Откуда ни возьмись набежали фотографы и стали снимать улыбающихся крестных и крестников. По просьбе фотографов всю церемонию повторили сначала, бокалы снова подняли, только после этого фотографы успокоились. Оркестранты, которых нанимали всего на неделю, грянули марш. Зрители начали отбивать такт ладонями, и вся группа в такт маршу, в такт аплодисментам прошествовала по арене. Первыми шли служители, бережно прижимая тигрят, которые носили теперь имена знаменитостей… Марион и Борт, красота и быстрота… Мне повезло, я присутствовал при этом.

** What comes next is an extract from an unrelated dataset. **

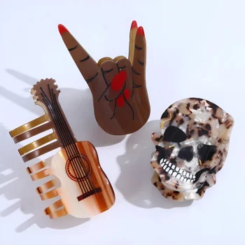Personalized Rock & Roll Guitar Skull Hair Claw Clip for Girls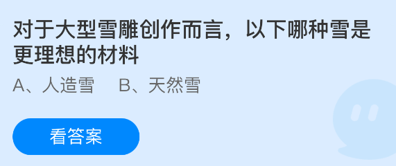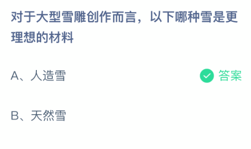 对于大型雪雕创作而言,以下哪种雪是更理想的材料?支付宝小鸡课堂开课啦!每天花一分钟答题赚饲料,喂喂小鸡就能贡献爱心啦!轻松又意义十足!2026年1月18日蚂蚁庄园的小鸡课堂题目正确答案是【人造雪】,对于大型雪雕创作而言,人造雪是更理想的材料。

Ведь главное в жизни — присутствовать на всяких церемониях. Это так же необходимо, как стрижка и бритье… Вокруг Берта образовалась давка, после представления он давал автографы. Прислонившись спиной к брезентовой стене цирка, Берт быстро расписывался в многочисленных тетрадях, блокнотах и карманных календарях, которые протягивали ему со всех сторон. Получив его роспись, люди нетерпеливо проталкивались сквозь толпу, шли в какой-нибудь укромный уголок и там с некоторой недоверчивостью и удивлением снова раскрывали блокнот или записную книжку и читали имя Берта, словно никак не могли поверить собственному счастью. Можно было подумать, что они заполучили Берта себе в родственники… Не прекращая писать, Берт кивнул мне. Добраться до него не было никакой возможности. А после того как толпа схлынула, директор цирка пригласил восприемников в ресторан. Берту пришлось остаться: он ведь должен был присутствовать.

Я пошел домой и всю дорогу думал о снах, которые преследовали Берта. Он сам рассказывал мне об этих снах… Берт без конца видел во сне бегство, черный от преследователей горизонт, ему казалось, что он хоть и бежал, но не мог сдвинуться с места; какое-то невидимое препятствие не давало ему скрыться из глаз врагов, он спотыкался, ему не хватало воздуха. Вдалеке уже раздавались крики, выстрелы, яростный собачий лай. Потом преследователи замолкали, ибо им казалось — беглец уже у них в руках. Эти темные трагические сны повторялись из ночи в ночь. Берту спилось, что ноги больше не держат его, что легкие и сердце отказали ему на полпути… В снах этих была своя последовательность, своя логика. Та самая последовательность, которой подчинялась и жизнь Берта. Берт убегал от всех, но не мог убежать от себя. Он был самым опасным соперником себе самому. И этого соперника он не мог обойти ни за какие силы мира.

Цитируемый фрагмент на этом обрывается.